Records shown –
--------------------------------

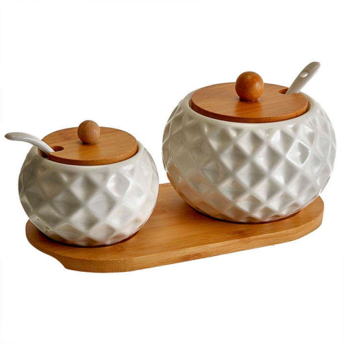 AK5-0010 Набор из 2 банок (250 мл и 450 мл) с ложками на бамбуковой подставке (18)
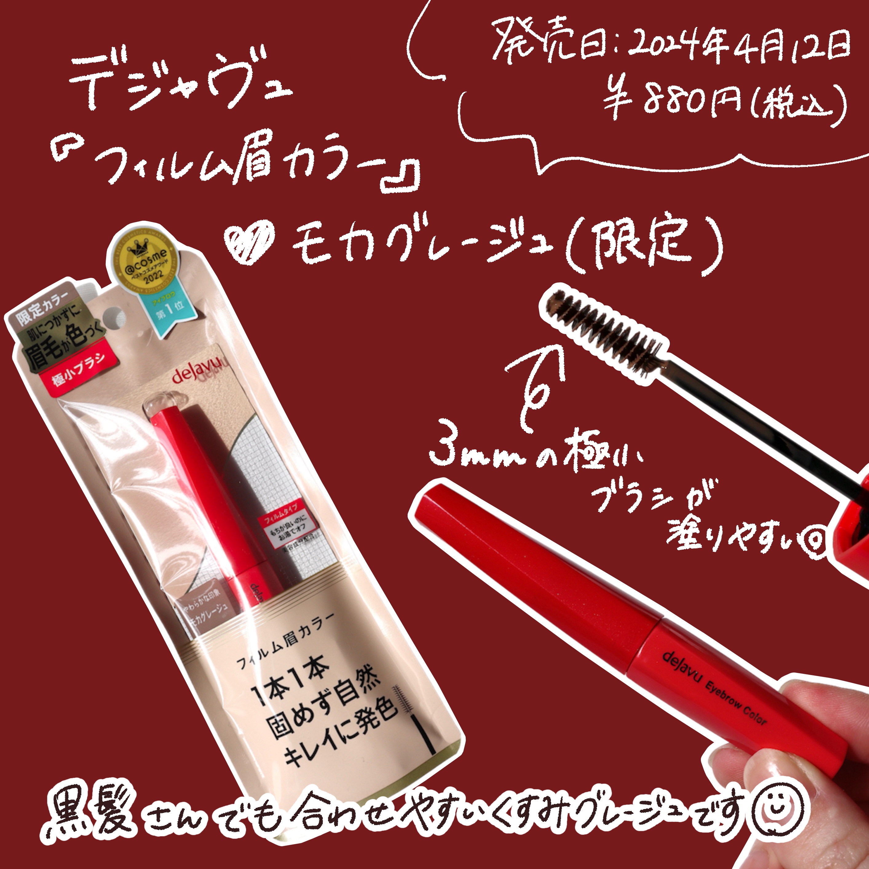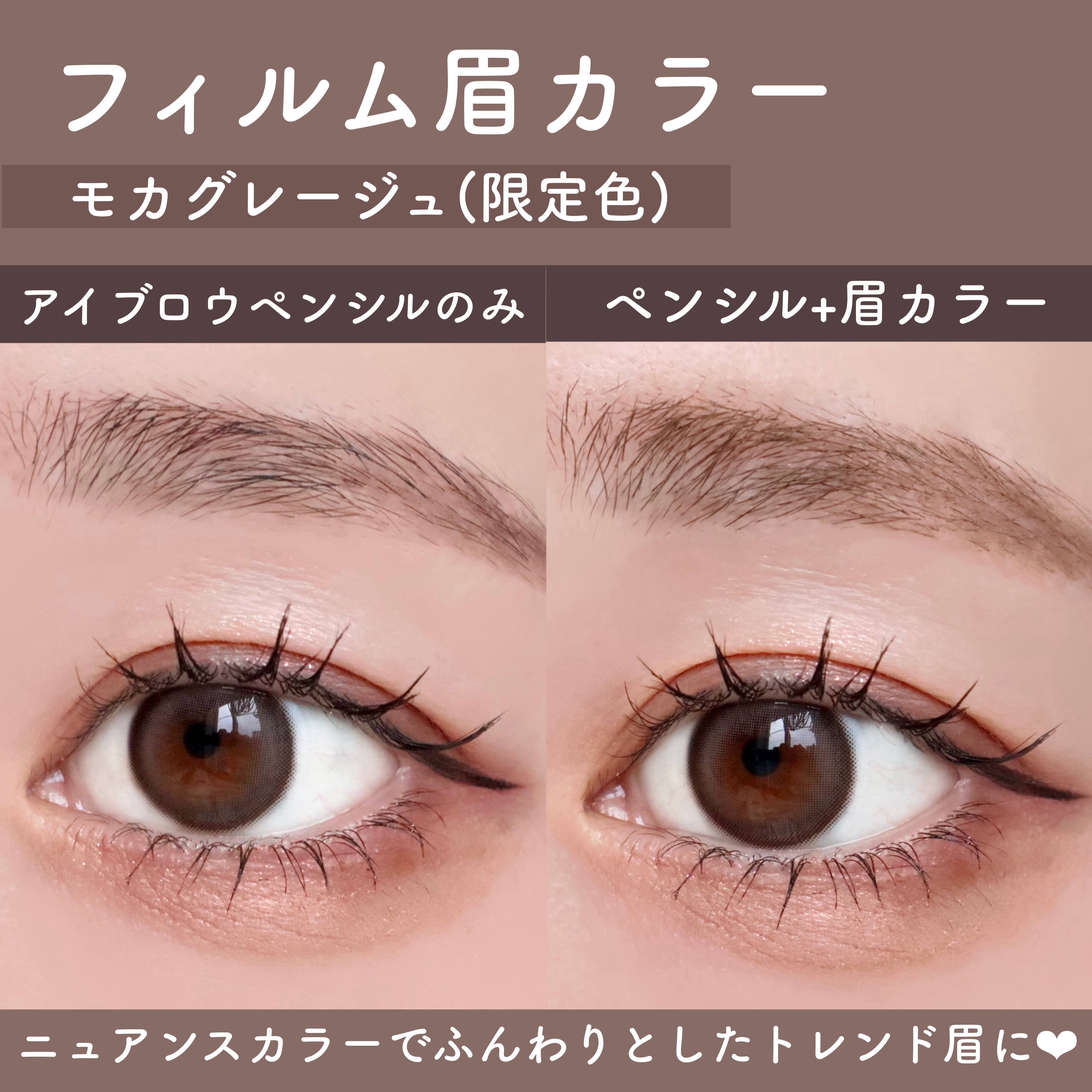 - \\25年3月定番新色モカグレージュ発売// 「フィルム眉カラー」なら眉の印象を自然にやわらげ、ふんわり質感の垢抜け眉に! 1.塗りやすい極小ブラシ ・ 先端直径3mmで、地肌に液がつきにくく根元から色づける ・余分な液がつかない設計で、ティッシュオフ不要 2.眉専用フィルム液 ・眉毛1本1本にキレイに色付き、自眉の黒さをやわらげる ・タバになったり、パリッと固まったりせず、まるで自眉のような仕上がり ・皮脂・汗・こすれに強いのにお湯で簡単オフ (※2025年9月以降、商品パッケージをリニューアル。)
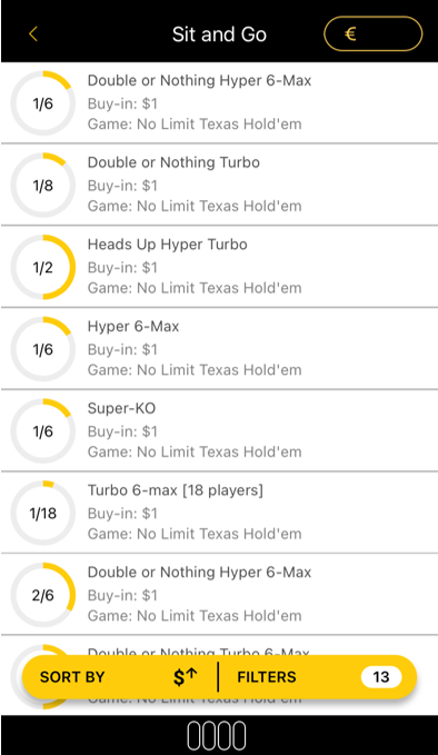 Je ziet dat er dus enorm veel verschillende varianten zijn van sit & go. Double or Nothing heeft de betekenis dat je je geld verdubbelt of je inzet kwijt bent. Deze variant van sit & go kun je spelen met 6 of 8 personen en je kunt kiezen of je wilt spelen met Hyper en Turbo of zonder. De Hyper en Turbo sit & go’s worden steeds populairder omdat de blinds meer zijn en ingesteld in totaal aantal handen, in plaats van tijd (5 minuten). Het gevolg van de Hyper en Turbo sit & go’s is dat je als speler al eerder genoodzaakt bent om te folden, of all-in te gaan.
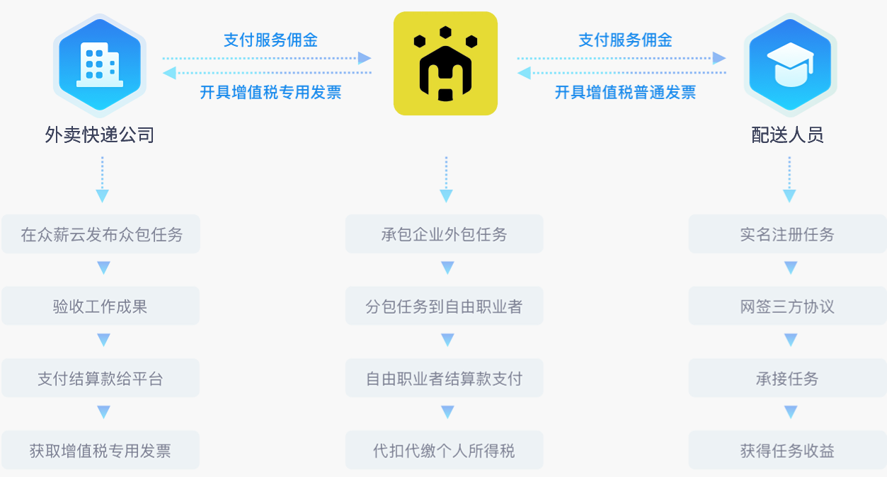 随着电子商务及外卖平台的快速发展,外卖配送、快递配送、生鲜配送、及时配送等行业及从业人员日益增多,但受各类因素影响,人员流动性大、附加成本较高,且用工量的峰谷明显。需要企业严格把控人力及财税成本,提升持续盈利能力。
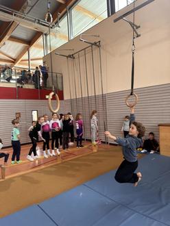 Den absoluten Besuchermagneten stellten jedoch die so genannten „Travelling Rings“ dar. Hierbei handelt es sich um eine Hangelstrecke aus vier Ringen in großem Abstand. Durch Schwingen von Ring zu Ring gelangt man von einer auf die andere Seite. Wie Tarzan an den Lianen schwangen die Kinder immer und immer wieder von Ring zu Ring - mal erfolgreich, mal nicht - und stellten sich wieder in die lange Warteschlange vor den „Travelling Rings“, bis sie es erneut versuchen durften. „Diese Bewegungsvariante an den Ringen ist auch immer ein Renner im Hallentraining“, so Leichtathletik-Trainerin Simone Koenig. „Allerdings auch ein Garant für einen ordentlichen Muskelkater.“

--------------------------------

The problem – Restate the data above word for word, omitting every picture.

The completed task –
 AK5-0010 Набор из 2 банок (250 мл и 450 мл) с ложками на бамбуковой подставке (18)
 - \\25年3月定番新色モカグレージュ発売// 「フィルム眉カラー」なら眉の印象を自然にやわらげ、ふんわり質感の垢抜け眉に! 1.塗りやすい極小ブラシ ・ 先端直径3mmで、地肌に液がつきにくく根元から色づける ・余分な液がつかない設計で、ティッシュオフ不要 2.眉専用フィルム液 ・眉毛1本1本にキレイに色付き、自眉の黒さをやわらげる ・タバになったり、パリッと固まったりせず、まるで自眉のような仕上がり ・皮脂・汗・こすれに強いのにお湯で簡単オフ (※2025年9月以降、商品パッケージをリニューアル。)
 Je ziet dat er dus enorm veel verschillende varianten zijn van sit & go. Double or Nothing heeft de betekenis dat je je geld verdubbelt of je inzet kwijt bent. Deze variant van sit & go kun je spelen met 6 of 8 personen en je kunt kiezen of je wilt spelen met Hyper en Turbo of zonder. De Hyper en Turbo sit & go’s worden steeds populairder omdat de blinds meer zijn en ingesteld in totaal aantal handen, in plaats van tijd (5 minuten). Het gevolg van de Hyper en Turbo sit & go’s is dat je als speler al eerder genoodzaakt bent om te folden, of all-in te gaan.
 随着电子商务及外卖平台的快速发展,外卖配送、快递配送、生鲜配送、及时配送等行业及从业人员日益增多,但受各类因素影响,人员流动性大、附加成本较高,且用工量的峰谷明显。需要企业严格把控人力及财税成本,提升持续盈利能力。
 Den absoluten Besuchermagneten stellten jedoch die so genannten „Travelling Rings“ dar. Hierbei handelt es sich um eine Hangelstrecke aus vier Ringen in großem Abstand. Durch Schwingen von Ring zu Ring gelangt man von einer auf die andere Seite. Wie Tarzan an den Lianen schwangen die Kinder immer und immer wieder von Ring zu Ring - mal erfolgreich, mal nicht - und stellten sich wieder in die lange Warteschlange vor den „Travelling Rings“, bis sie es erneut versuchen durften. „Diese Bewegungsvariante an den Ringen ist auch immer ein Renner im Hallentraining“, so Leichtathletik-Trainerin Simone Koenig. „Allerdings auch ein Garant für einen ordentlichen Muskelkater.“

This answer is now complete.